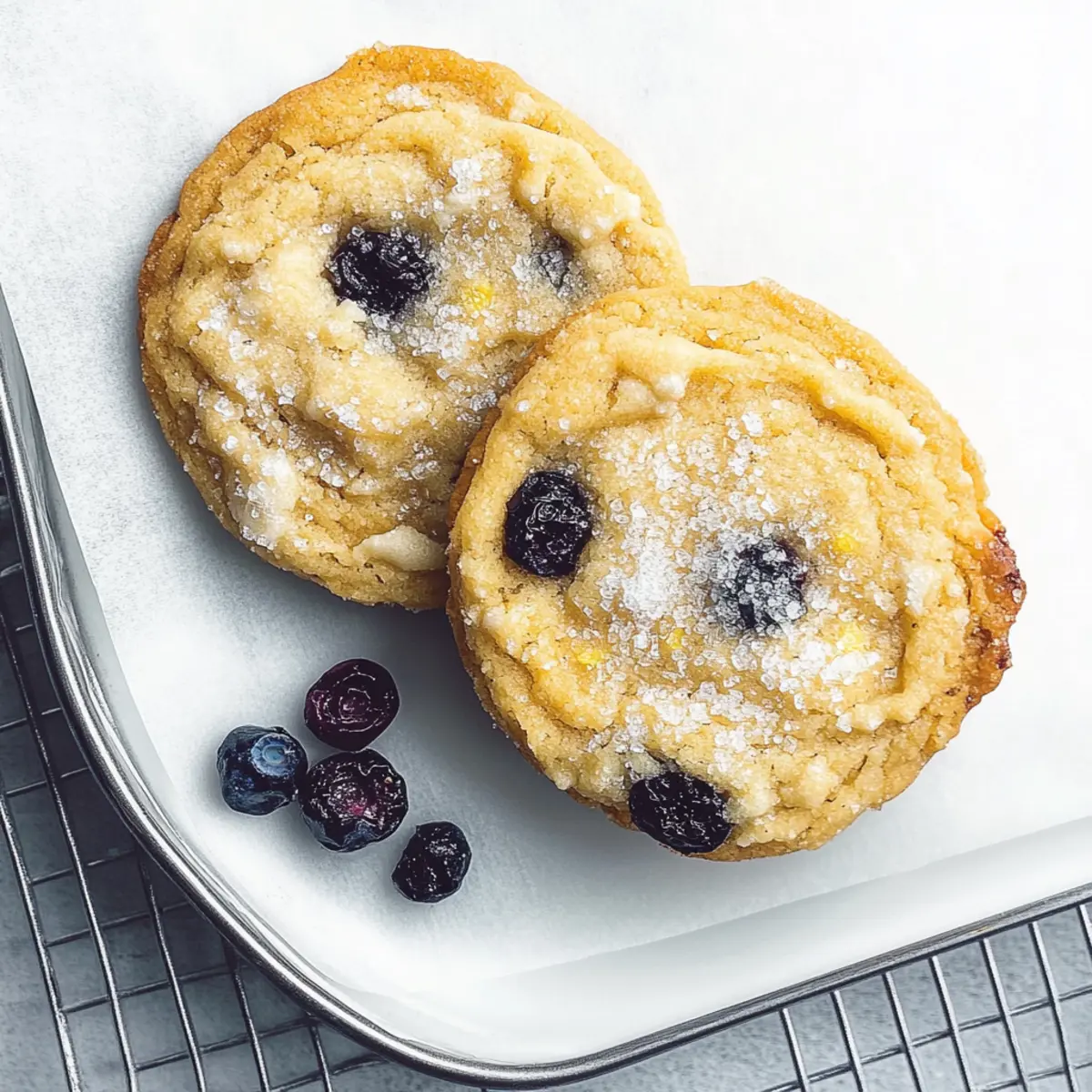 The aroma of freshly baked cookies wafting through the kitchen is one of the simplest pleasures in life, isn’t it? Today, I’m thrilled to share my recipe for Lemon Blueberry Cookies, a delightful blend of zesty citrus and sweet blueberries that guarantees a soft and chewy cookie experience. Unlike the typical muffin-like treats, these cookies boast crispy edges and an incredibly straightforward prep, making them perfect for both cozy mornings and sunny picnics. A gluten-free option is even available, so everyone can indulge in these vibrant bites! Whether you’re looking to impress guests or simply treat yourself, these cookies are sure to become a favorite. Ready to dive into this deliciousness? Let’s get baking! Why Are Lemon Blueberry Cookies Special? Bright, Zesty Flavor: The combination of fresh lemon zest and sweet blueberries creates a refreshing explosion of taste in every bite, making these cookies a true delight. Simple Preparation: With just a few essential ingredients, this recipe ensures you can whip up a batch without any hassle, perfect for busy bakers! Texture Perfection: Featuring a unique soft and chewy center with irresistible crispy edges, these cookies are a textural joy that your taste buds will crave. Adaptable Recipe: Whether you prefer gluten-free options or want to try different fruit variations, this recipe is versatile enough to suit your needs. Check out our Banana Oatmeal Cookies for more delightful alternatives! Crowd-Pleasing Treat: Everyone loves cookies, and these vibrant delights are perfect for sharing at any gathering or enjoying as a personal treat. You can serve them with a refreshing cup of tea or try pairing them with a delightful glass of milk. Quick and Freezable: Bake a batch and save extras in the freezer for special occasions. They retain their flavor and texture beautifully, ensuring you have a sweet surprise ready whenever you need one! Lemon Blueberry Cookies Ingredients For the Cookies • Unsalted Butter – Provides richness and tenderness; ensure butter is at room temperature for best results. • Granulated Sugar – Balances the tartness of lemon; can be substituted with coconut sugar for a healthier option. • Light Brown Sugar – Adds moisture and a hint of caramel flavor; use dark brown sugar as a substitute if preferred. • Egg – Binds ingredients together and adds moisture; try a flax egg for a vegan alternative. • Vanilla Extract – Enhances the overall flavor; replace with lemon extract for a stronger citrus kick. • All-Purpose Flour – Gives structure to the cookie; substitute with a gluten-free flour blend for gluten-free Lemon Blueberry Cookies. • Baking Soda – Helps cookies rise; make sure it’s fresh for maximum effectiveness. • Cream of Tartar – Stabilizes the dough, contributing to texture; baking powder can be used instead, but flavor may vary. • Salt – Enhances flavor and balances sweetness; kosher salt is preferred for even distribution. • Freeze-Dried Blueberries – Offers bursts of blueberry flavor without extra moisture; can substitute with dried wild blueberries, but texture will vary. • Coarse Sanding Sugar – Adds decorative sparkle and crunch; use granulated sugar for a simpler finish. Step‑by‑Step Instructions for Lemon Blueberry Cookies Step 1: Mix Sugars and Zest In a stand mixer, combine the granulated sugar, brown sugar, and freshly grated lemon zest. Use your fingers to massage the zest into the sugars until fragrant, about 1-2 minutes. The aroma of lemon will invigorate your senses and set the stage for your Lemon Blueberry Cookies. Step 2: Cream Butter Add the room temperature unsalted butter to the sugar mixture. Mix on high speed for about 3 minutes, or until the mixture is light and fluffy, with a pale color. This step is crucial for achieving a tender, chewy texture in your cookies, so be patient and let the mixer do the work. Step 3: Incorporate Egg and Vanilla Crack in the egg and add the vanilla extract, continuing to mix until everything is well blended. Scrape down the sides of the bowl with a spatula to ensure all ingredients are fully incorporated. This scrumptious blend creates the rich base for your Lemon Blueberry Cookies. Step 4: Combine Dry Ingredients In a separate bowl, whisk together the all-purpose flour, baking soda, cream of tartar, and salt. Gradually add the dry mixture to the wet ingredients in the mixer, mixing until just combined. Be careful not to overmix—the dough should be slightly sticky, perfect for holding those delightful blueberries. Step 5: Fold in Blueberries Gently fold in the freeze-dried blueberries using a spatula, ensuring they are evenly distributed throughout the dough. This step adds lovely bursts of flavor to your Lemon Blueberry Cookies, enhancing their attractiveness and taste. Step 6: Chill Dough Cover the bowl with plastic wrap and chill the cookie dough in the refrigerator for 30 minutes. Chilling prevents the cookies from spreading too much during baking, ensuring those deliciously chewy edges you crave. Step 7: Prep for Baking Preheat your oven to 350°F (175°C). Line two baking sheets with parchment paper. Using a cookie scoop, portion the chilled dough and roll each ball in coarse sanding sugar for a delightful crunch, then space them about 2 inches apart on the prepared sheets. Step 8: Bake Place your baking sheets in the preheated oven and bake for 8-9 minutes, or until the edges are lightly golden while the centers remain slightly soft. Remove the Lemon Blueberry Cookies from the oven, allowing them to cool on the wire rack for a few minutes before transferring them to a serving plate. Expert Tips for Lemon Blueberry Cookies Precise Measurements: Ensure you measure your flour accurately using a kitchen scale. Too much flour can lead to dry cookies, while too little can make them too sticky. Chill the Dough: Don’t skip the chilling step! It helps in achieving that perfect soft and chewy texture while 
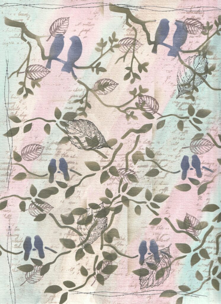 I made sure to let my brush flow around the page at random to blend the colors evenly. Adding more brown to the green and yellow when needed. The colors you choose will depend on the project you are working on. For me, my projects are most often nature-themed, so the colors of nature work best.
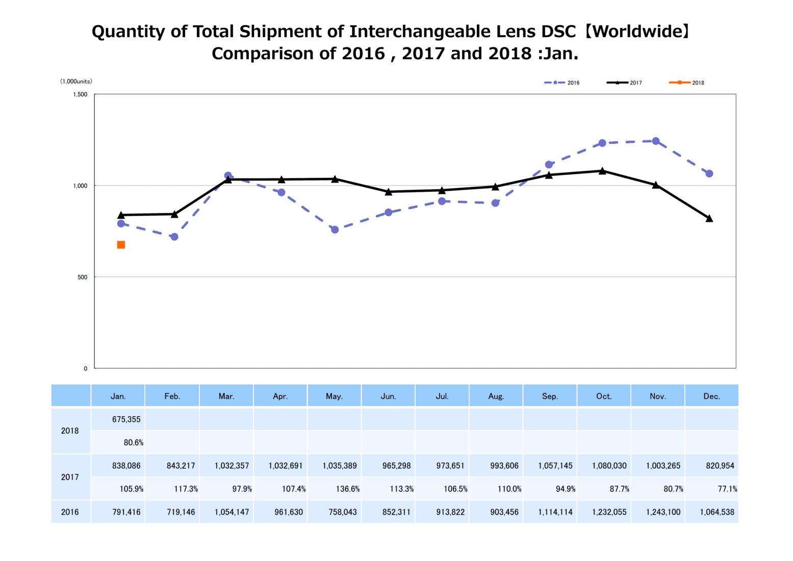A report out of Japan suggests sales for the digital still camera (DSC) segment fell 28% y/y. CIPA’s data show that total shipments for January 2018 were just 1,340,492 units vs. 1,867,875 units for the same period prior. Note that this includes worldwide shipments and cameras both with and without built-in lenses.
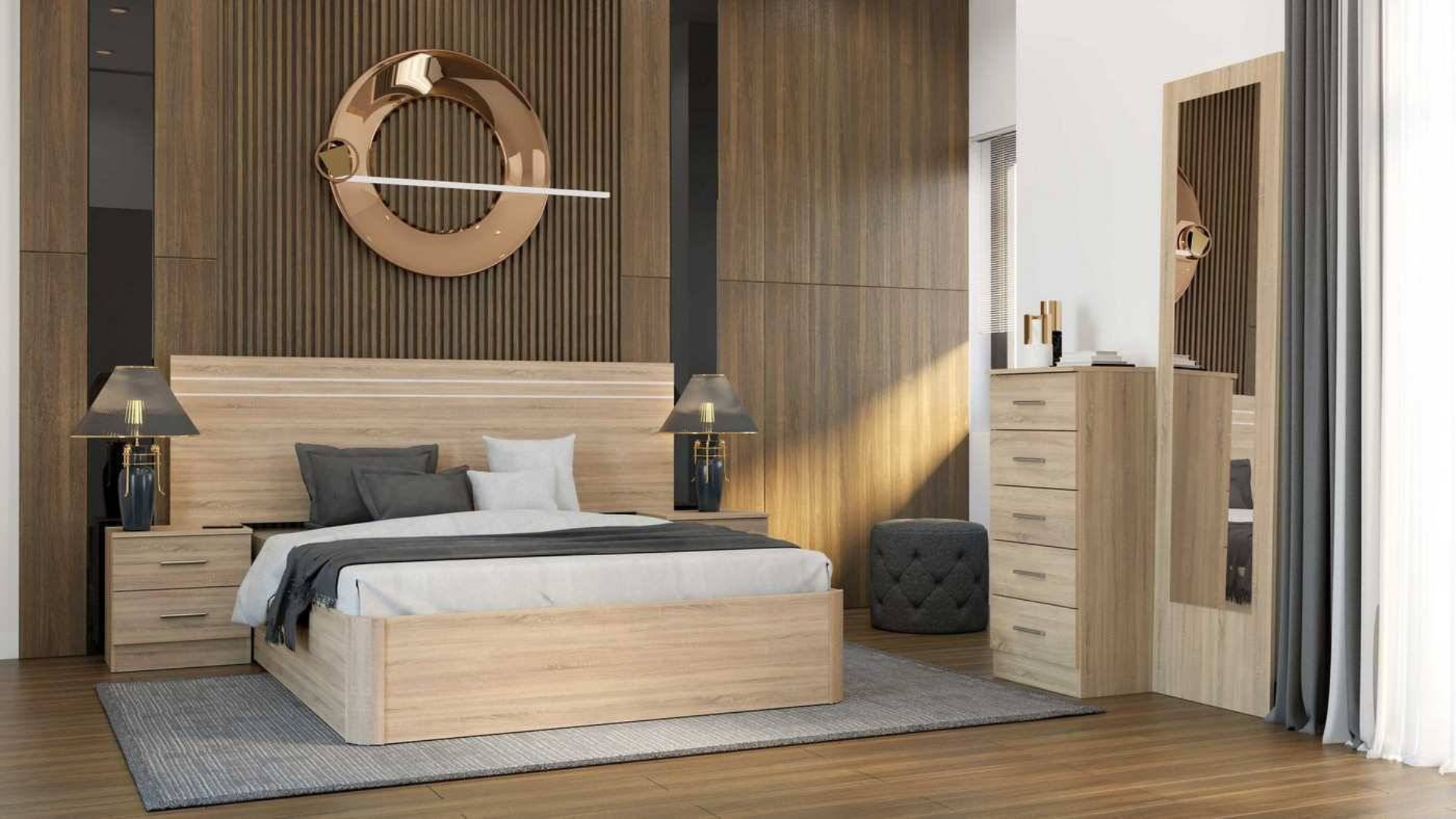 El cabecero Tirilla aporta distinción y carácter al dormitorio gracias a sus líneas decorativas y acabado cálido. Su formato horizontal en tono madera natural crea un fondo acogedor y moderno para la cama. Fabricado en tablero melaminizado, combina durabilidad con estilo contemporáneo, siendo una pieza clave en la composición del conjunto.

WHAT YOU ARE ASKED TO DO: Copy the data word for word, no pictures.

REPLY:
 The aroma of freshly baked cookies wafting through the kitchen is one of the simplest pleasures in life, isn’t it? Today, I’m thrilled to share my recipe for Lemon Blueberry Cookies, a delightful blend of zesty citrus and sweet blueberries that guarantees a soft and chewy cookie experience. Unlike the typical muffin-like treats, these cookies boast crispy edges and an incredibly straightforward prep, making them perfect for both cozy mornings and sunny picnics. A gluten-free option is even available, so everyone can indulge in these vibrant bites! Whether you’re looking to impress guests or simply treat yourself, these cookies are sure to become a favorite. Ready to dive into this deliciousness? Let’s get baking! Why Are Lemon Blueberry Cookies Special? Bright, Zesty Flavor: The combination of fresh lemon zest and sweet blueberries creates a refreshing explosion of taste in every bite, making these cookies a true delight. Simple Preparation: With just a few essential ingredients, this recipe ensures you can whip up a batch without any hassle, perfect for busy bakers! Texture Perfection: Featuring a unique soft and chewy center with irresistible crispy edges, these cookies are a textural joy that your taste buds will crave. Adaptable Recipe: Whether you prefer gluten-free options or want to try different fruit variations, this recipe is versatile enough to suit your needs. Check out our Banana Oatmeal Cookies for more delightful alternatives! Crowd-Pleasing Treat: Everyone loves cookies, and these vibrant delights are perfect for sharing at any gathering or enjoying as a personal treat. You can serve them with a refreshing cup of tea or try pairing them with a delightful glass of milk. Quick and Freezable: Bake a batch and save extras in the freezer for special occasions. They retain their flavor and texture beautifully, ensuring you have a sweet surprise ready whenever you need one! Lemon Blueberry Cookies Ingredients For the Cookies • Unsalted Butter – Provides richness and tenderness; ensure butter is at room temperature for best results. • Granulated Sugar – Balances the tartness of lemon; can be substituted with coconut sugar for a healthier option. • Light Brown Sugar – Adds moisture and a hint of caramel flavor; use dark brown sugar as a substitute if preferred. • Egg – Binds ingredients together and adds moisture; try a flax egg for a vegan alternative. • Vanilla Extract – Enhances the overall flavor; replace with lemon extract for a stronger citrus kick. • All-Purpose Flour – Gives structure to the cookie; substitute with a gluten-free flour blend for gluten-free Lemon Blueberry Cookies. • Baking Soda – Helps cookies rise; make sure it’s fresh for maximum effectiveness. • Cream of Tartar – Stabilizes the dough, contributing to texture; baking powder can be used instead, but flavor may vary. • Salt – Enhances flavor and balances sweetness; kosher salt is preferred for even distribution. • Freeze-Dried Blueberries – Offers bursts of blueberry flavor without extra moisture; can substitute with dried wild blueberries, but texture will vary. • Coarse Sanding Sugar – Adds decorative sparkle and crunch; use granulated sugar for a simpler finish. Step‑by‑Step Instructions for Lemon Blueberry Cookies Step 1: Mix Sugars and Zest In a stand mixer, combine the granulated sugar, brown sugar, and freshly grated lemon zest. Use your fingers to massage the zest into the sugars until fragrant, about 1-2 minutes. The aroma of lemon will invigorate your senses and set the stage for your Lemon Blueberry Cookies. Step 2: Cream Butter Add the room temperature unsalted butter to the sugar mixture. Mix on high speed for about 3 minutes, or until the mixture is light and fluffy, with a pale color. This step is crucial for achieving a tender, chewy texture in your cookies, so be patient and let the mixer do the work. Step 3: Incorporate Egg and Vanilla Crack in the egg and add the vanilla extract, continuing to mix until everything is well blended. Scrape down the sides of the bowl with a spatula to ensure all ingredients are fully incorporated. This scrumptious blend creates the rich base for your Lemon Blueberry Cookies. Step 4: Combine Dry Ingredients In a separate bowl, whisk together the all-purpose flour, baking soda, cream of tartar, and salt. Gradually add the dry mixture to the wet ingredients in the mixer, mixing until just combined. Be careful not to overmix—the dough should be slightly sticky, perfect for holding those delightful blueberries. Step 5: Fold in Blueberries Gently fold in the freeze-dried blueberries using a spatula, ensuring they are evenly distributed throughout the dough. This step adds lovely bursts of flavor to your Lemon Blueberry Cookies, enhancing their attractiveness and taste. Step 6: Chill Dough Cover the bowl with plastic wrap and chill the cookie dough in the refrigerator for 30 minutes. Chilling prevents the cookies from spreading too much during baking, ensuring those deliciously chewy edges you crave. Step 7: Prep for Baking Preheat your oven to 350°F (175°C). Line two baking sheets with parchment paper. Using a cookie scoop, portion the chilled dough and roll each ball in coarse sanding sugar for a delightful crunch, then space them about 2 inches apart on the prepared sheets. Step 8: Bake Place your baking sheets in the preheated oven and bake for 8-9 minutes, or until the edges are lightly golden while the centers remain slightly soft. Remove the Lemon Blueberry Cookies from the oven, allowing them to cool on the wire rack for a few minutes before transferring them to a serving plate. Expert Tips for Lemon Blueberry Cookies Precise Measurements: Ensure you measure your flour accurately using a kitchen scale. Too much flour can lead to dry cookies, while too little can make them too sticky. Chill the Dough: Don’t skip the chilling step! It helps in achieving that perfect soft and chewy texture while 
 I made sure to let my brush flow around the page at random to blend the colors evenly. Adding more brown to the green and yellow when needed. The colors you choose will depend on the project you are working on. For me, my projects are most often nature-themed, so the colors of nature work best.
A report out of Japan suggests sales for the digital still camera (DSC) segment fell 28% y/y. CIPA’s data show that total shipments for January 2018 were just 1,340,492 units vs. 1,867,875 units for the same period prior. Note that this includes worldwide shipments and cameras both with and without built-in lenses.
 El cabecero Tirilla aporta distinción y carácter al dormitorio gracias a sus líneas decorativas y acabado cálido. Su formato horizontal en tono madera natural crea un fondo acogedor y moderno para la cama. Fabricado en tablero melaminizado, combina durabilidad con estilo contemporáneo, siendo una pieza clave en la composición del conjunto.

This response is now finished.